Sandstone is a sedimentary rock composed mainly of sand-size mineral or rock grains. Most sandstone is composed of quartz and/or feldspar, because these are the most common minerals in the Earth's crust. Like sand, sandstone may be any color, but the most common colors are tan, brown, yellow, red, gray, and white.
Some sandstones are resistant to weathering, yet are easy to work. This makes sandstone a common building and paving material. Given the hardness of the individual grains, uniformity of grain size, and friability of its structure, sandstone is an excellent material from which to make grindstones for sharpening blades and other implements. Non-friable sandstone can be used to make grindstones for grinding grain (such as gritstone).

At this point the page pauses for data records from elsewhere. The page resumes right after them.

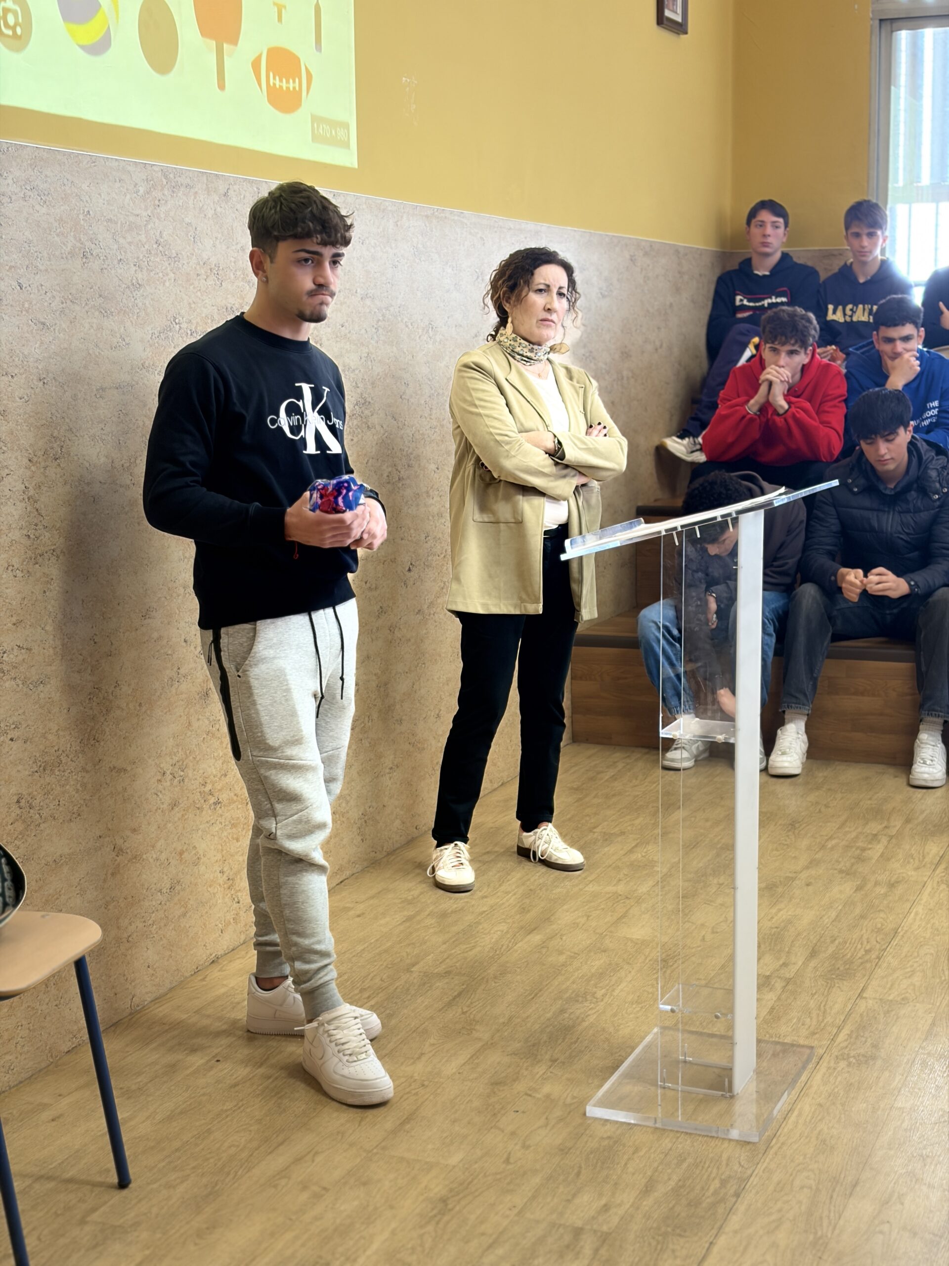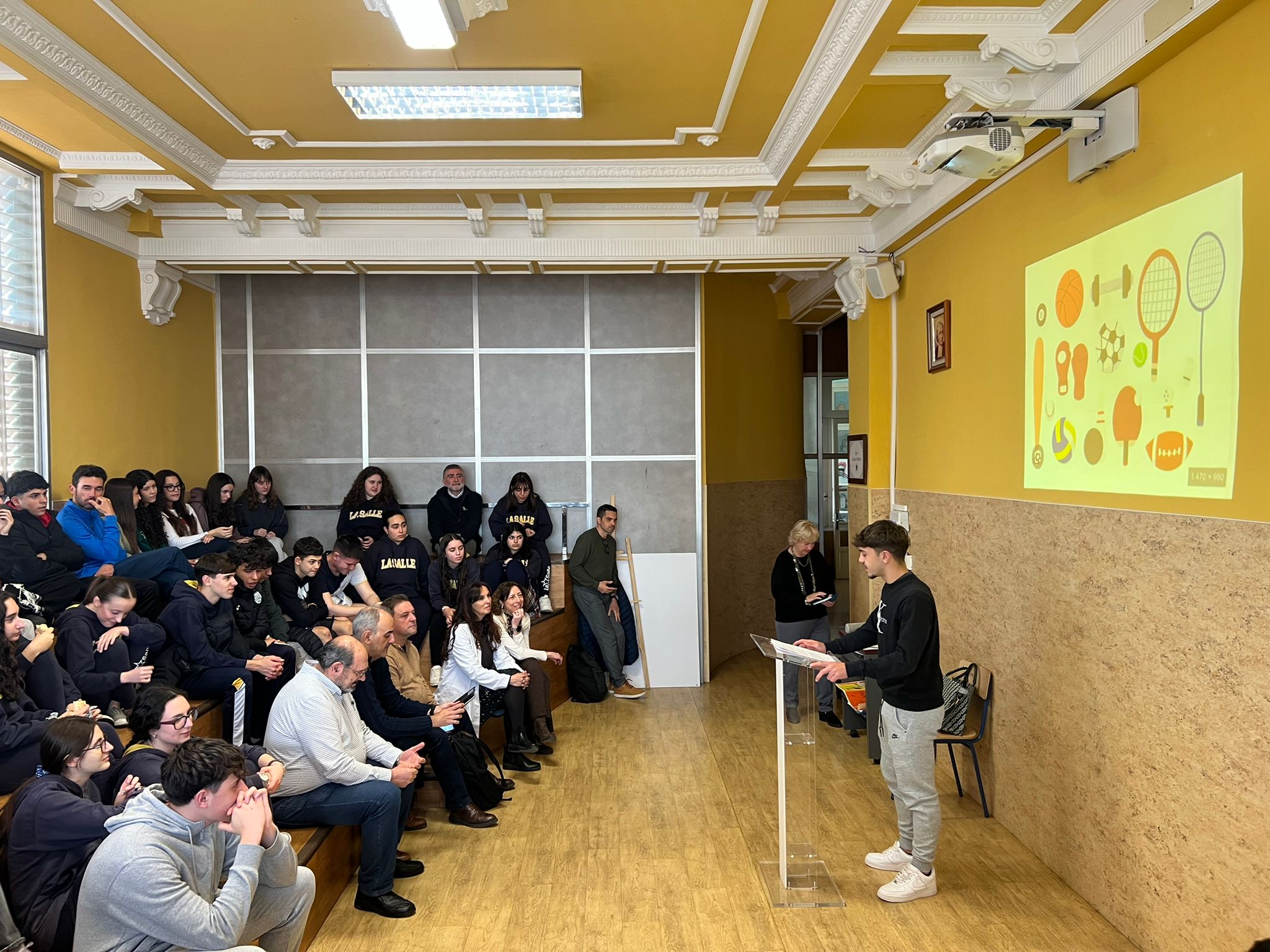 La oratoria de la semana pasada la protagonizó Pablo Ibáñez, alumno de 1º de Bachillerato D. El Bachillerato es una etapa en la que nuestros jóvenes se enfrentan a un gran reto académico y Pablo explicó que el deporte en nuestras vidas es un hábito que hemos de ser capaces de mantener incluso en momentos de mucho trabajo. En su exposición, explicó con detalle los beneficios extraordinarios que aporta en cada uno de nosotros, especialmente en el caso de los más jóvenes.
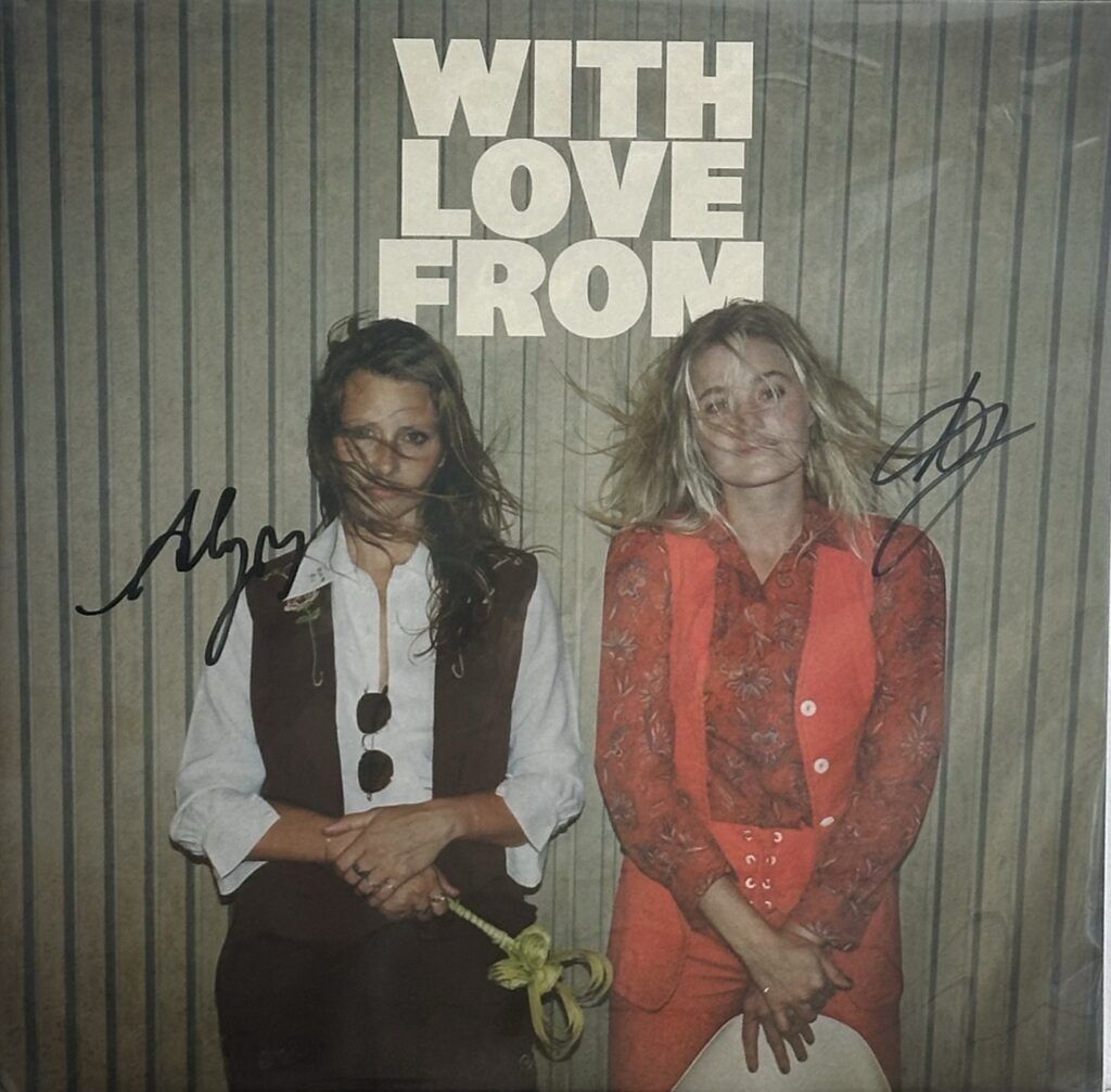 Front cover of the record is signed by both Aly & Aj. The record is brand new but not sealed due to the signatures. 2LP pressing on “Gold Rush” Gold w/ Glitter colored vinyl. Denting to the top and bottom left hand corners of the jacket. Project image of the actual copy you will receive.
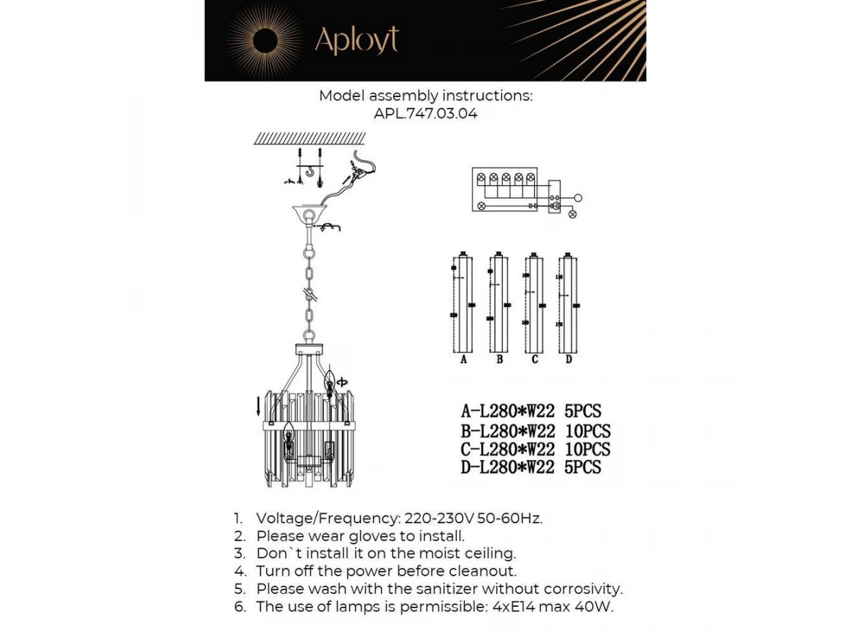 Интересная модель APL.747.03.04 от польской компании Aployt относится к коллекции Melisa и отлично подойдет для установки на потолок спальни, оформленной в стиле модерн. Подвесная люстра Aployt Melisa APL.747.03.04 с цилиндрическими плафонами осветит помещение площадью 8 кв. м. Производитель Aployt рекомендует использовать для устройства лампы накаливания с цоколем E14 и мощностью 40 W. Прибор произведен с использованием материалов: хрусталь и металл и может использоваться для натяжного потолка. Подвесная люстра APL.747.03.04 продается по цене 27380 руб. Торопитесь сделать заказ в интернет-магазине ВоронежСвет.
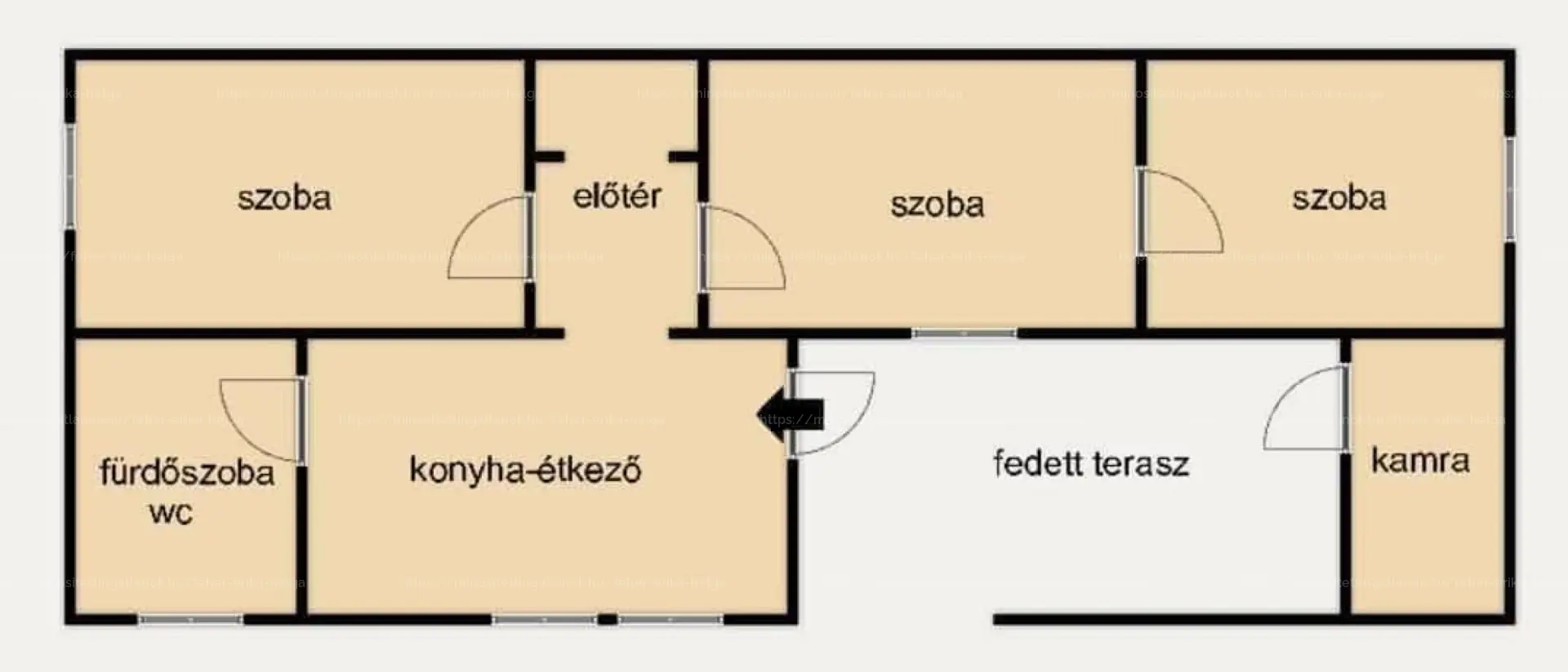 A lakóépület 61 m²-es, 3 szobával, konyhával, fürdőszobával és más praktikus helyiségekkel rendelkezik. A TÉGLA alapra épített 50 cm vert és VÁLYOG falazat remek HŐTARTÓ tulajdonságokkal bír. SZÁRAZ az épület, most is lakott, télen-nyáron komfortosan használható.

Rock formations that are primarily sandstone usually allow percolation of water and are porous enough to store large quantities. For this reason, they are valuable as aquifers. Fine-grained aquifers, such as sandstones, are more apt to filter out pollutants from the surface than are rocks with cracks and crevices, such as limestones or other rocks fractured by seismic activity.
Sandstone beds often form highly visible cliffs and other topographic features. As a result, certain colors of sandstone have been strongly identified with certain regions of the world.
Sandstones are clastic in origin (as opposed to organic, like chalk and coal, or chemical, like gypsum and jasper). They are formed from cemented grains that may be fragments of a pre-existing rock or crystals of a single mineral. The cements binding these grains together are typically calcite, clays and silica. Grain sizes in sands are in the range of 0.1 to 2 millimeters. Rocks with smaller grain sizes include siltstones and shales and are typically called argillaceous sediments. Clays and rocks with larger grain sizes include both breccias and conglomerates and are termed rudaceous sediments.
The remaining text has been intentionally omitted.